Alfred Vagts' work includes academic as well as literary and essayistic books. The main works are Germany and the United States in World Politics (1935) and The History of Militarism, Civilian and Military (1937). Vagts - like Hajo Holborn , Eckart Kehr , George W. Hallgarten , Fritz T. Epstein and Hans Rosenberg - are counted among those German-speaking historians who reoriented themselves scientifically in exile.

Vagts records and drafts for his unwritten memoirs are in the archives of Dartmouth College in Hanover, New Hampshire, and as part of the estate in the Darmstadt City Archives . They refer, among other things, to connections and networks between committed Nazi opponents in Germany, Europe and the USA, especially in the years 1933–1939.

Alfred Vagts is an uncle of the writer Peter Schütt .

Fonts

  • Ritt in die Not , Munich 1920; Reprint Vaduz 1973 (poems).
  • Mexico, Europe and America with special consideration of the petroleum policy , Berlin 1928.
  • Germany and the United States in World Politics , 2 volumes. Macmillan, London / New York 1935.
  • The History of Militarism: Civilian and Military , New York 1937; numerous reprints. content
  • Edited together with Caroline Farrar Ware : The Cultural Approach to History . Columbia University Press, New York 1940.
  • Hitler's Second Army , Washington 1943.
  • Geography in War and Geopolitics , 1943.
  • Landing Operations: Strategy, Psychology, Tactics, Politics, from Antiquity to 1945 , Harrisburg 1946.
  • Defense and Diplomacy: The Soldier and the Conduct of Foreign Relations , New York / London 1956.
  • German-American return migration , Heidelberg 1960.
  • The Military Attaché , Princeton 1967.
  • Balance sheets and balances , ed. by Hans-Ulrich Wehler , Frankfurt 1979.
  • Albrecht Mendelssohn Bartholdy . A picture of life . In: Cécile Lowenthal-Hensel , Rudolf Elvers (Ed.): Mendelssohn Studies , Vol. 3. Duncker and Humblot, Berlin 1979. ISBN 3-428-04349-9 . Pp. 201-225.

literature

  • American Historical Association: AHA Perspectives: Newsletter of the American Historical Association Including EIB Notices, Vol. 24-25, The Association, Washington, DC, 1986, p. 17.
  • Vagts, Alfred . In: International Biographical Dictionary of Central European Emigrés 1933–1945 . Vol.

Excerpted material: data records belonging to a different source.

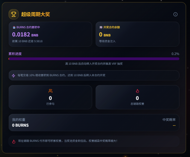 2️⃣ VRF 抽奖:累计销毁达标,参与链上抽奖(20% 税收)
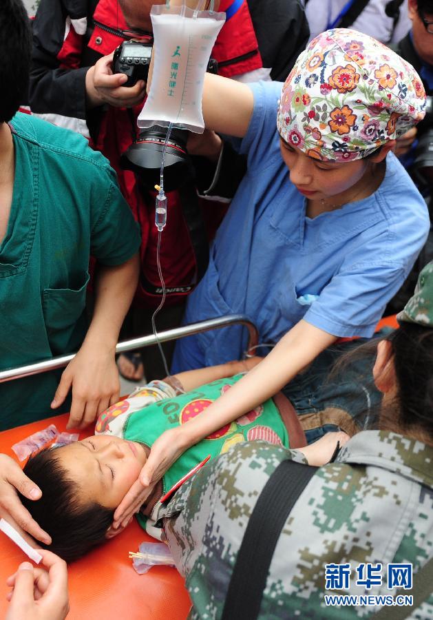 4月21日,医务人员在芦山县人民医院安抚一名5岁的小伤员。据四川省民政厅21日17时统计,四川芦山7级地震已造成208人死亡、失踪,其中184人死亡、24人失踪,另有11826人受伤。地震给灾区群众带来伤病与离别,来自全国各地的医务人员第一时间来到他们身边,挽救伤者的生命,减少他们的痛苦。为了每一个鲜活的生命,所有参与救援的人们竭尽全力。新华社发(李华梁摄)
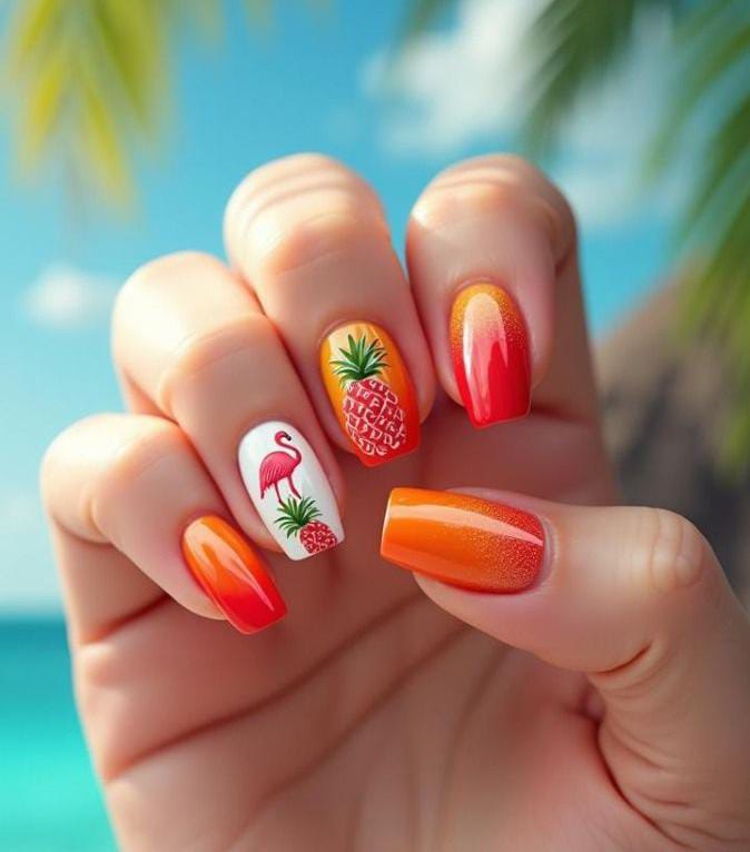 Bold orange and red ombré nails are paired with pineapple and flamingo accents for a true beachy statement. The warm gradient and tropical details create a vibrant, summer vacation-ready look.
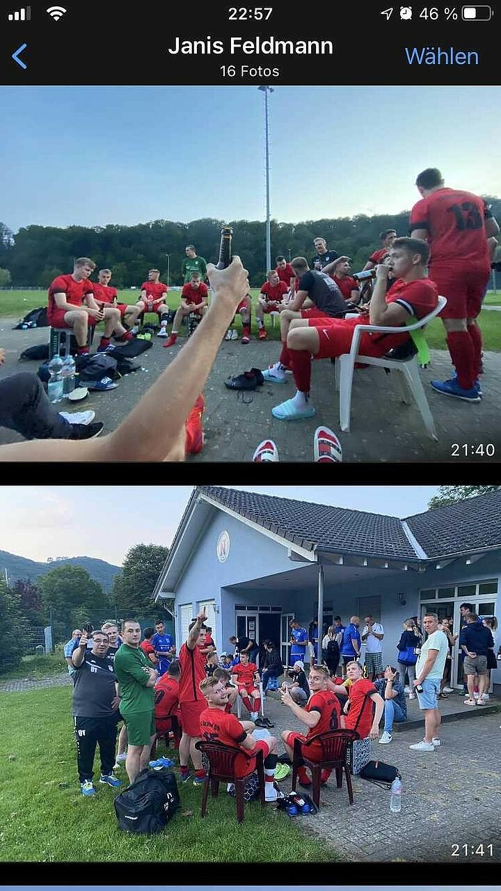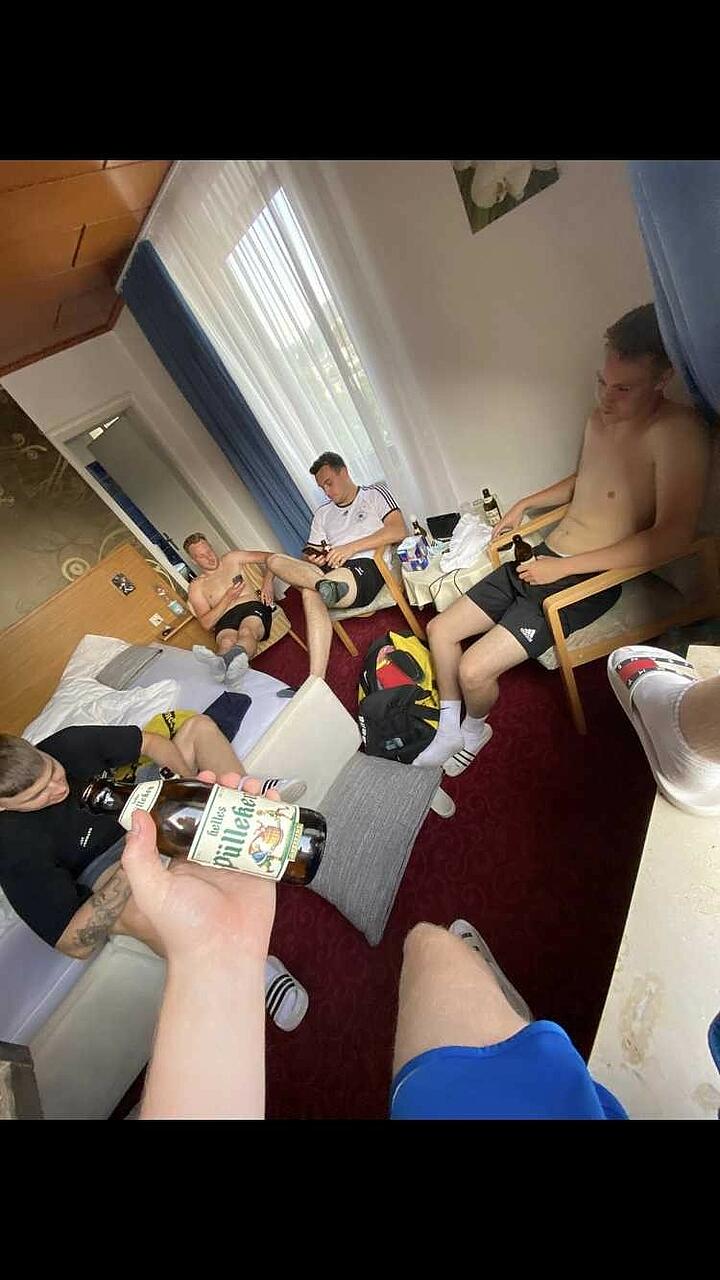 Müdigkeit? So ein Quatsch werden die meisten sagen! Ich selber habe mich mit 3-4 ruhigen Vertretern noch auf die Hotel- Veranda zum schmalen Weizenbier verabredet, während die DSG U21- Garde um Partyantreiber Janis Feldmann & Niklas Böttcher auf kürzestem Wege in Richtung SGW- Vereinskneipe weiterzogen, wo sich bereits zumindest 3 verbliebene Ultras an den Wodka Säulen aus dem Megapark und aus der letzten Röhre grölend sehnsüchtig auf Unterstützung warteten. Einzig Youngster Marius Unruh besann sich weniger auf’s Trinken, sondern mehr auf den Ausbau seiner Instagram & Snapchat Kommune, wobei das Ziel von 1.000 Followern zumindest Stand Samstagmittag noch nicht ganz erreicht wurde. Ein Selfie mit diesem Top- Influencer wurde mir bislang von ihm leider bislang verwehrt ☹.
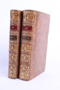 ANONYME [BOUGAINVILLE] VOYAGE AUTOUR DU MONDE PAR LA FREGATE DU ROI LA BOUDEUSE ET LA FLUTE L’ETOILE en 1766-1767-1768 et 1769. 2 vol. gd in-12 reliés plein veau marbré époque, dos à nerfs à caissons fleuris, pièces de titre bordeaux et tomaisons vertes, tranches rouges. Paris Saillant & Nyon 1772 (2è éd. augmentée). Avec 21 cartes et plans dépliants + 3 gravures dépliantes. Epidermures sur les plats, coins en pied frottés, sinon beaux ex. à l’intérieur très frais. Réf : Barbier IV - pp. 1061e - Chadenat I - n° 5904 - Boucher de La Richarderie I - pp. 126 - Sabin II - n° 6865 « Contient un vocabulaire de l’île de Tahiti et une brève explication des termes marins utilisés dans l’ouvrage »
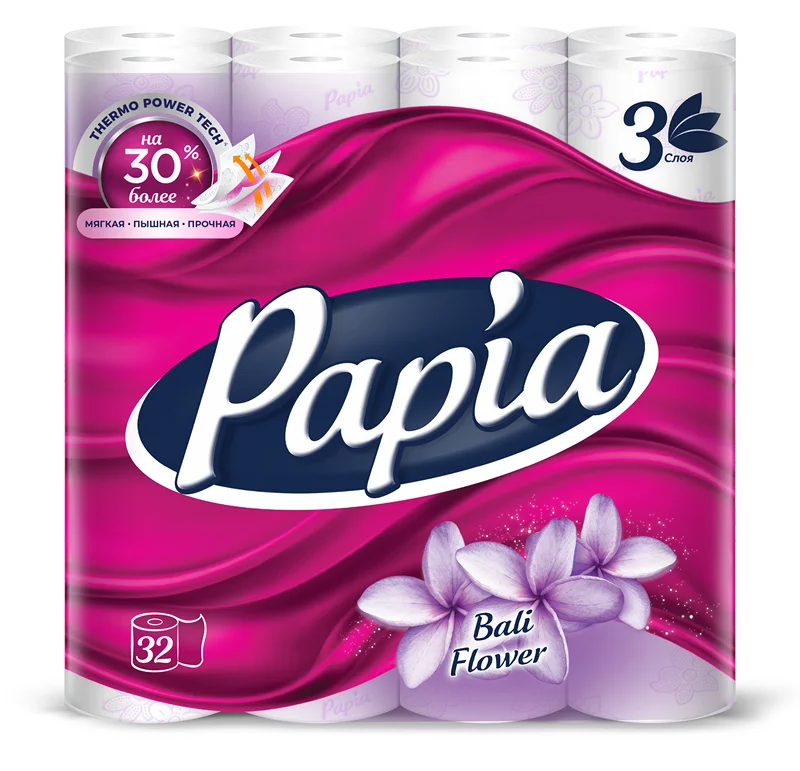 Ароматизированная трехслойная туалетная бумага Papia 'Балийский цветок' с цветным тиснением и перфорацией. 'Балийский цветок' – не...
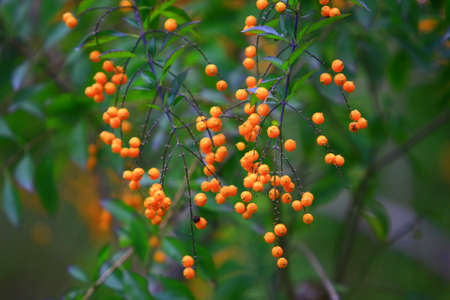 Beautiful panoramic autumn scenery with colorful leaves, berries and bokeh background
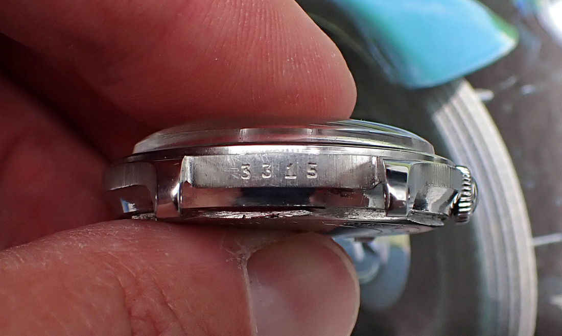 CROWN: Original recessed, broad "mushroom" knurled crown is Very Good with only some light marks. These sorts of crowns are characteristic of FB cases and make winding and time-setting very easy. It does both of those jobs exactly as designed.
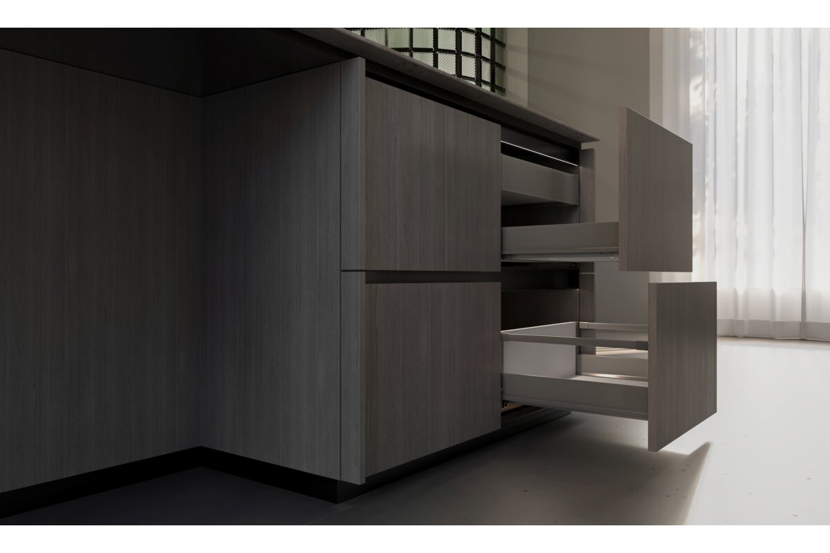 - 4 varijante visine (84, 135, 167, 199 mm) za višenamjenske ladice za upotrebu s ugradbenim i preklopnim frontama;
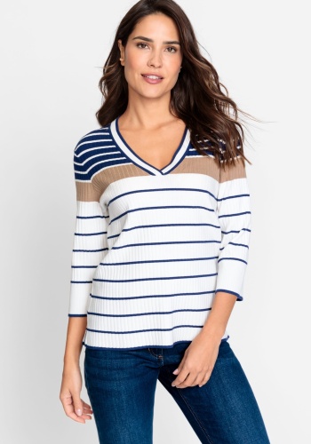 Классический джемпер с рельефной вязкой по всей поверхности и разнообразным сочетанием спортивных полосок. Мягкий и легкий для кожи благодаря комфортной полунатуральной вискозе. Модель Henny имеет прямой крой и слегка прилегает к телу.

II, Part 2, p. 1187.
  • Petra Jenny Vock: Poetry from the war worthy of criticism, perhaps important from a documentary point of view. The poems of the “Action” lyricist Alfred Vagts from the First World War. In: Yearbook of the German Schiller Society 43 (2004), pp. 231–266.

Web links

Individual evidence

  1. Peter Th. Walter: Historians who emigrated to the United States 1945–1950: Looking or jumping across the pond? In: Christoph Cobet (Hrsg.): Introduction to questions to the historical science in Germany after Hitler . Frankfurt am Main 1986, pp. 41-50, here p. 44.
  2. Christof Brauers: The FDP in Hamburg 1945 to 1953. Meidenbauer, Munich 2007, p. 68f.
  3. ^ Speeches first printed in: Carlo Mierendorff. Portrait of a German socialist . Exil-Brochure, 1944, pp. 9-14 (Vagts) and pp. 15-40 (Zuckmayer).
  4. Richard Albrecht : The militant social democrat. Carlo Mierendorff 1897–1943. A biography . Berlin / Bonn 1987, here pp. 182-187.
  5. ^ Richard Albrecht, the author of the Carlo Mierendorff biography, evaluated Vagts' estate and interviewed him in 1985 as a contemporary witness : Richard Albrecht: Der militante Sozialdemokrat. Carlo Mierendorff 1897–1943. A biography . Berlin / Bonn 1987, here pp. 302–304, notes 120–130.
  6. ^ Claus-Dieter Krohn : History . In: Claus-Dieter Krohn et al. (Ed.): Handbuch der Deutschensprachigen Emigration 1933–1945 . Darmstadt 1998, Col. 747-760, here Col. 754.
  7. Andreas W. Daum , Hartmut Lehmann , James J. Sheehan (eds.): The Second Generation. Émigrés from Nazi Germany as Historians. With a biobibliographical guide . Berghahn, New York 2016, ISBN 978-1-78238-985-9 , p. 63.
  8. ^ Claus-Dieter Krohn: History . In: Claus-Dieter Krohn et al. (Hrsg.): Handbuch der Deutschensprachigen Emigration 1933–1945 . Darmstadt 1998, Col. 747-760, here Col. 750f.